▼▼▼
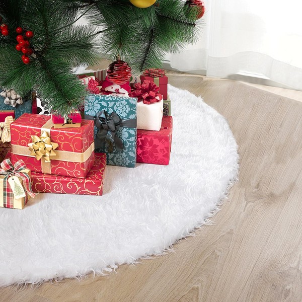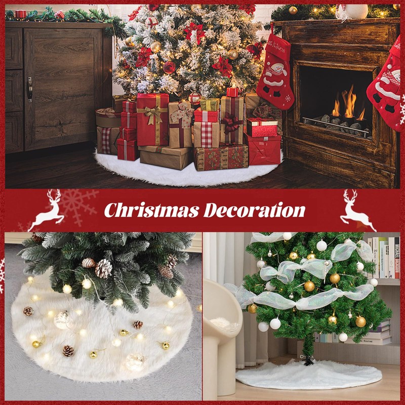• Reusable: the white, furry Christmas tree skirt is designed for durability. You can also use it as a home rug and kitchen apron after Christmas, or fold it up and put it back next year. Plush and soft, it is also popular with winter pets
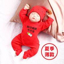 法芭兔婴儿连体衣新生秋季男婴儿喜庆连体衣百天服满月公主中国风周岁女宝宝红色夏季薄款套装 夏季薄款(我只喝奶不干活+帽送袜) 59cm
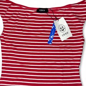 Brand new with tags CIDER ribbed knit top in red and white stripes. Features a flattering fitted silhouette, cap sleeves, and stretchy cotton blend fabric. Perfect Y2K, coastal, or Parisian-inspired staple.
▲▲▲
Task requirements: Without any pictures, return the material above exactly.

Finished task:
• Reusable: the white, furry Christmas tree skirt is designed for durability. You can also use it as a home rug and kitchen apron after Christmas, or fold it up and put it back next year. Plush and soft, it is also popular with winter pets
 法芭兔婴儿连体衣新生秋季男婴儿喜庆连体衣百天服满月公主中国风周岁女宝宝红色夏季薄款套装 夏季薄款(我只喝奶不干活+帽送袜) 59cm
 Brand new with tags CIDER ribbed knit top in red and white stripes. Features a flattering fitted silhouette, cap sleeves, and stretchy cotton blend fabric. Perfect Y2K, coastal, or Parisian-inspired staple.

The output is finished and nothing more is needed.